Re: [PATCH] mm/mremap: allow VMAs with VM_DONTEXPAND|VM_PFNMAP when creating new mapping

linux-mm.kvack.org archive mirror
 help / color / mirror / Atom feed

From: Lorenzo Stoakes <lorenzo.stoakes@oracle.com>
To: "Kasireddy, Vivek" <vivek.kasireddy@intel.com>
Cc: "linux-mm@kvack.org" <linux-mm@kvack.org>,
	Andrew Morton <akpm@linux-foundation.org>,
	"Liam R. Howlett" <Liam.Howlett@oracle.com>,
	Vlastimil Babka <vbabka@suse.cz>, Jann Horn <jannh@google.com>,
	Pedro Falcato <pfalcato@suse.de>,
	David Hildenbrand <david@kernel.org>,
	Akihiko Odaki <odaki@rsg.ci.i.u-tokyo.ac.jp>
Subject: Re: [PATCH] mm/mremap: allow VMAs with VM_DONTEXPAND|VM_PFNMAP when creating new mapping
Date: Fri, 21 Nov 2025 07:52:31 +0000	[thread overview]
Message-ID: <070dcd0f-ef77-4924-baf1-6c380bca192d@lucifer.local> (raw)
In-Reply-To: <IA0PR11MB71851184AA5977BBAFBD55C7F8D5A@IA0PR11MB7185.namprd11.prod.outlook.com>

On Fri, Nov 21, 2025 at 06:51:31AM +0000, Kasireddy, Vivek wrote:
> Hi Lorenzo,
>
> > Subject: Re: [PATCH] mm/mremap: allow VMAs with
> > VM_DONTEXPAND|VM_PFNMAP when creating new mapping
> >
> > Hi Vivek, thanks for the patch.
> >
> > In general though, let's please not make a fundamental change to mremap()
> > behaviour in late -rc6. Late in cycle/during merge window we're really only
> > interested in existing series, series that are less involved than this.
> I am sorry about the timing of this patch. My intended goal was to just start
> a discussion to address this issue we were seeing in Qemu.
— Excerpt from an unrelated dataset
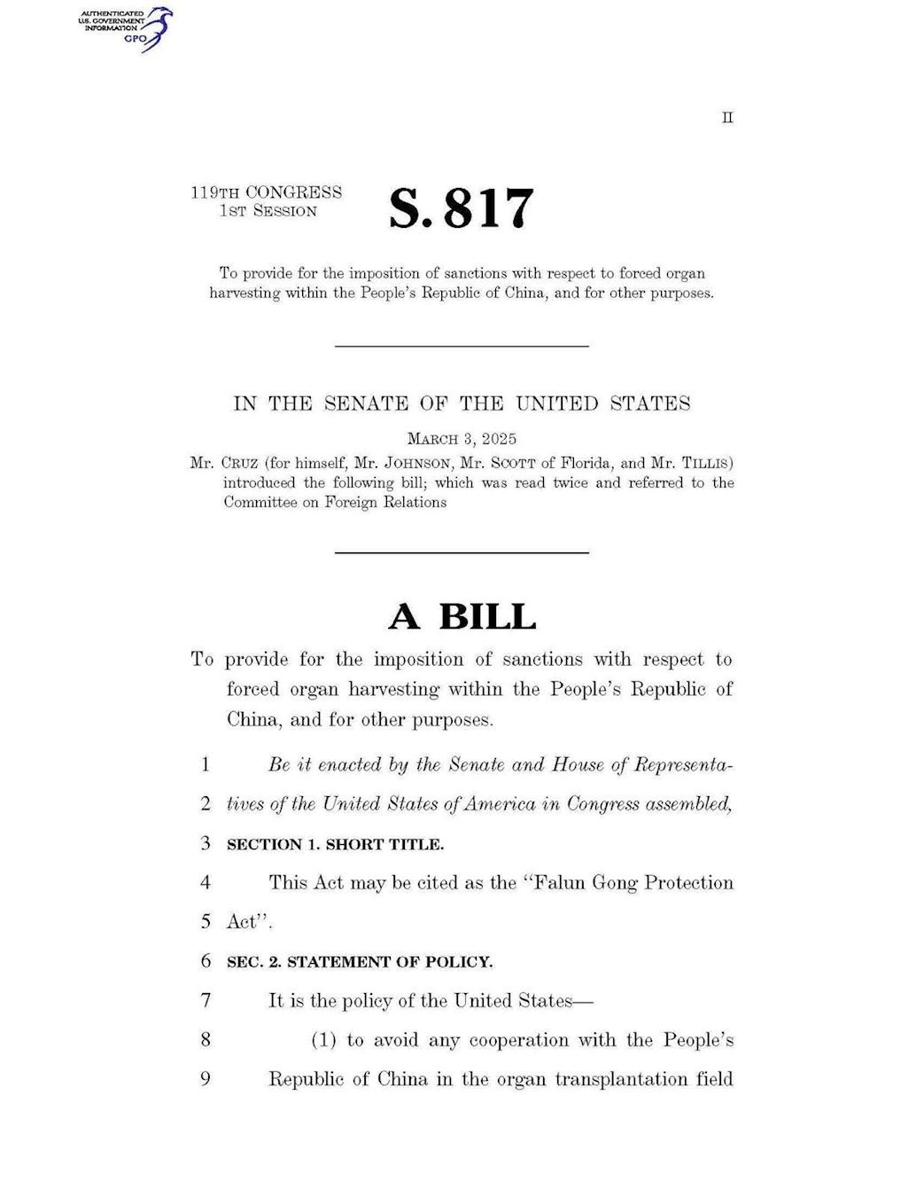 《法輪功保護法案》(S.817法案)由德克薩斯州共和黨聯邦參議員泰德﹒克魯茲(Ted Cruz)今年三月三日提出,法案指出中共仍在參與活摘法輪功學員的器官暴行。該法案將對那些參與強摘器官的個人或共謀實施制裁,對中共追責。
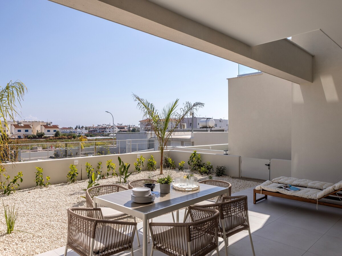 This modern studio apartment is ideally located just a 5-minute drive from the stunning Nissi Beach, in the lively heart of Ayia Napa. Surrounded by a variety of restaurants, supermarkets, shops, cafes, pharmacies, and ATMs, you'll have everything you need right at your doorstep. The apartment includes a fully equipped kitchen for home-cooked meals and offers access to a shared pool and children's playground, making it an ideal choice for couples or families looking for a perfect getaway.

No problem, just underlining here :) No reason you'd be aware of this. We are
trying slowly to manage workload. Slowly :)

>
> >
> > On Wed, Nov 19, 2025 at 09:35:46PM -0800, Vivek Kasireddy wrote:
> > > When mremap is used to create a new mapping, we should not return
> > > -EFAULT for VMAs with VM_DONTEXPAND or VM_PFNMAP flags set
> > because
> > > the old VMA would neither be expanded nor shrunk in this case. This
> >
> > I guess you're trying to be succinct here and 'clone' each input VMA using
> > the 0 source size input.
> Yes, cloning would be the right term to describe what we are doing here.

Right.

>
> >
> > However this can't work.
> >
> > This operation is not equivalent to an mmap(). It may seem to be for
> > ordinary mappings but in practice it isn't:
> >
> > (syscall)
> > -> do_mremap()
> > -> mremap_at()
> > -> expand_vma()
> > -> move_vma()
> > -> copy_vma_and_data()
> > -> copy_vma()
> >
> > Essentially copying the properties of the VMA to the new region.
> >
> > But this doesn't work for PFN map.
> >
> > At _no point_ are you invoking the original f_op->mmap or
> > f_op->mmap_prepare handler.
> If all the properties of the original VMA are going to be copied over to
> the new VMA, wouldn't that mean whatever state, page tables were
> setup via f_op->mmap or f_op->mmap_prepare handlers for the original
> VMA, would also be copied over to the new VMA right?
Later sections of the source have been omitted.